Figure 7. Recombinant TAP38 directly dephosphorylates pLHCII in vitro.

(A) Equal amounts of pLHCII isolated from tap38-1 mutant plants, treated with or without recombinant TAP38, were separated by SDS-PAGE and immunodecorated with phosphothreonine-specific antibodies. NaF (10 mM) was added to specifically inhibit phosphatase activity. (B) A replicate gel of the samples as in (A) was stained with Coomassie Blue as a loading control. The recombinant TAP38 protein and LHCII bands are shown. (C) Densitometric quantification of the bands in (A), representing the phosphorylation levels of LHCII under the different conditions.

Figure 8. Growth characteristics and photosynthetic performance of tap38 mutant plants.

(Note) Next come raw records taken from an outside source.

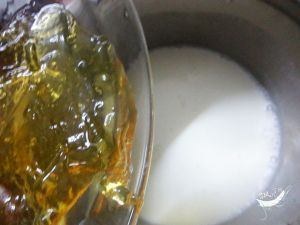 把牛奶,杏仁露还有琼脂加入小奶锅里,开火,煮! 琼脂比较蛮化,多煮一下 融化了它!
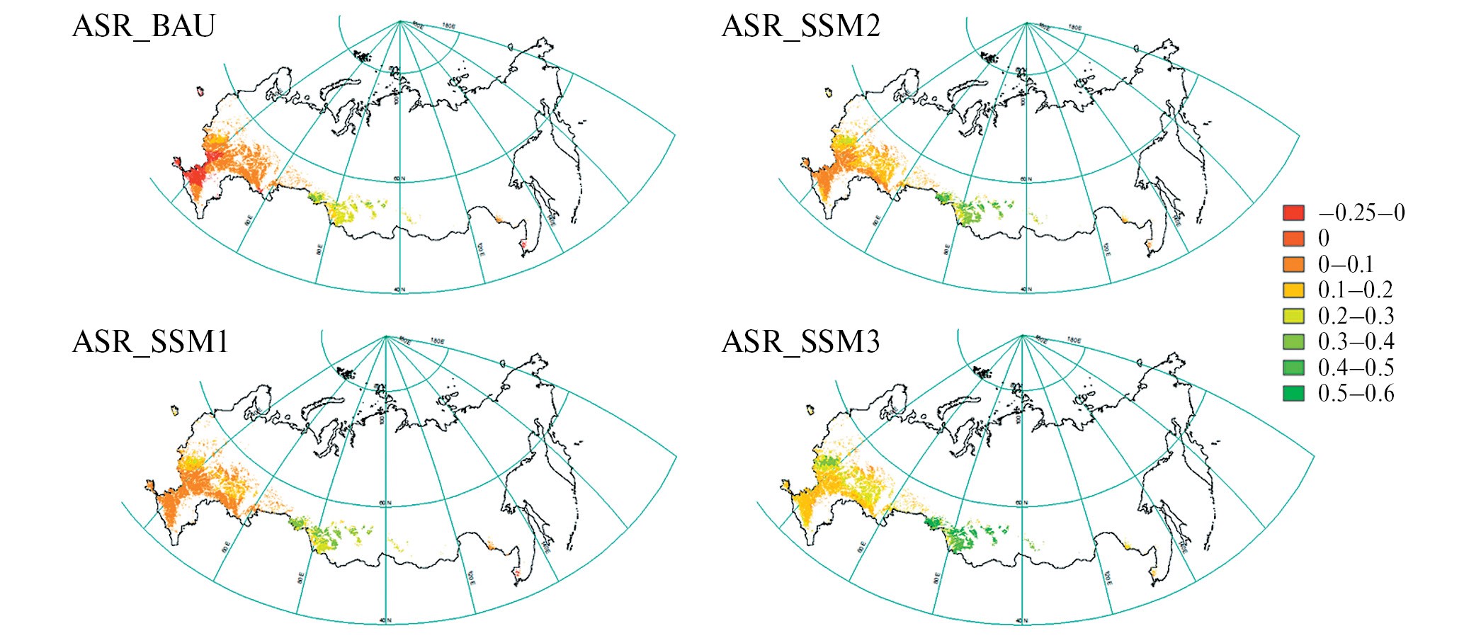 Далее были получены три карты относительной скорости секвестрации почвенного углерода (RSR) [27], как разница ASR за период в 2020–2040 гг. по сценарию SSM1,2,3 по сравнению с неизменным хозяйствованием (BAU).
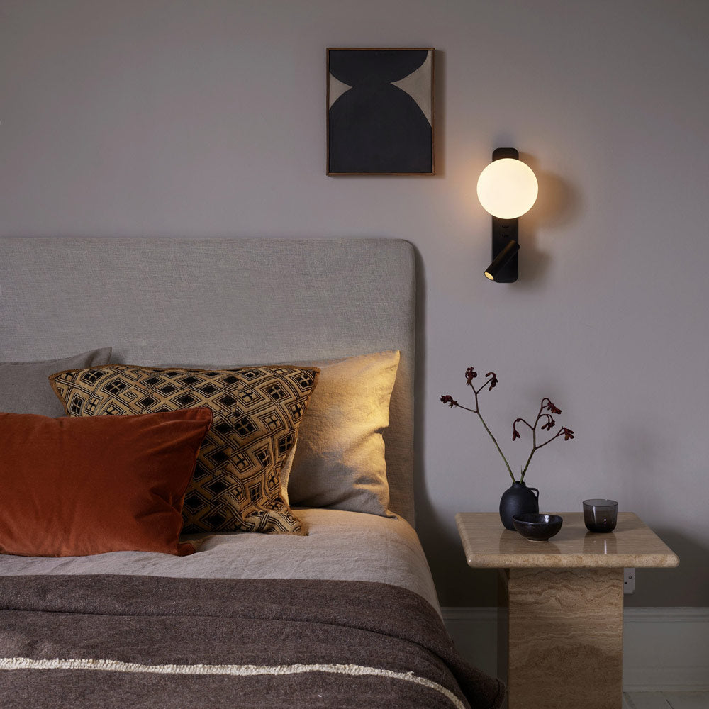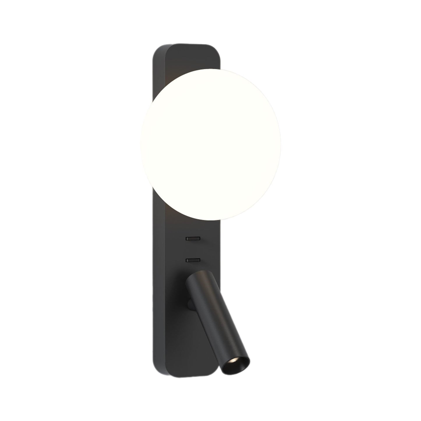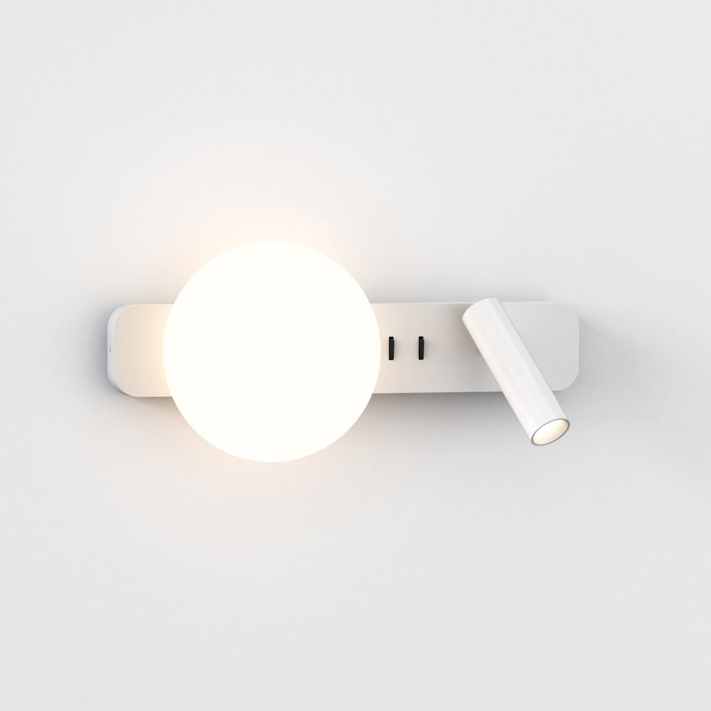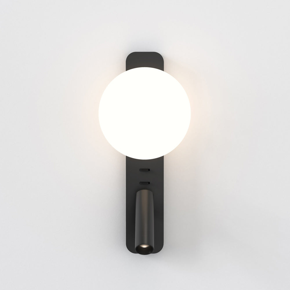 A notable mix of design motifs moves from charming traditional to updated modern as the Zeppo Reader Wall Light from Astro Lighting provides sufficient ambient lighting. A festive design blends metal framing with a flattened orb shade, embellished with an adjustable reading light making this fixture a superb choice for bedside use in a residential or hospitality setting.
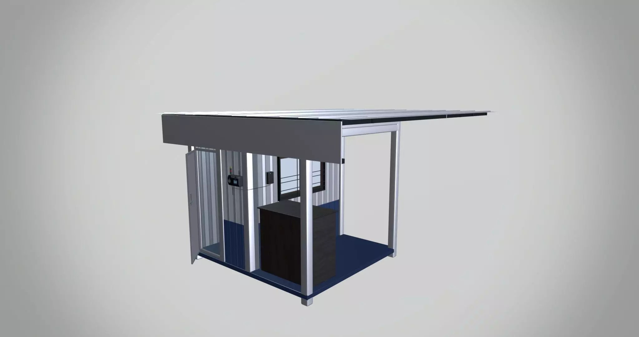 • This 3D rendering depicts a small metal kiosk designed to function as a security room.

(A) Phenotypes of 4-wk-old tap38-1, tap38-2, and WT plants grown under low-light conditions (80 µmol m⁻²s⁻¹) on a 12 h/12 h light/dark regime. (B) Growth curve. Leaf areas of 20 plants of each genotype (WT, grey bars; tap83-1, white bars; tap38-2, light grey bars) were measured over a period of 4 wk after germination. Mean values ± standard deviations (SDs; bars) are shown. (C and D), Measurements of light dependence of the photosynthetic parameter 1-qP (C) and effective quantum yield of PSII (ΦII; [D]) of plants grown as in (A). WT, filled grey circles; tap38-1, open circles; tap38-2, filled light-grey circles; oeTAP38, filled black circles; PAR, photosynthetically active radiation in µmol m⁻² s⁻¹. Average values were determined from five independent measurements (SD<5%).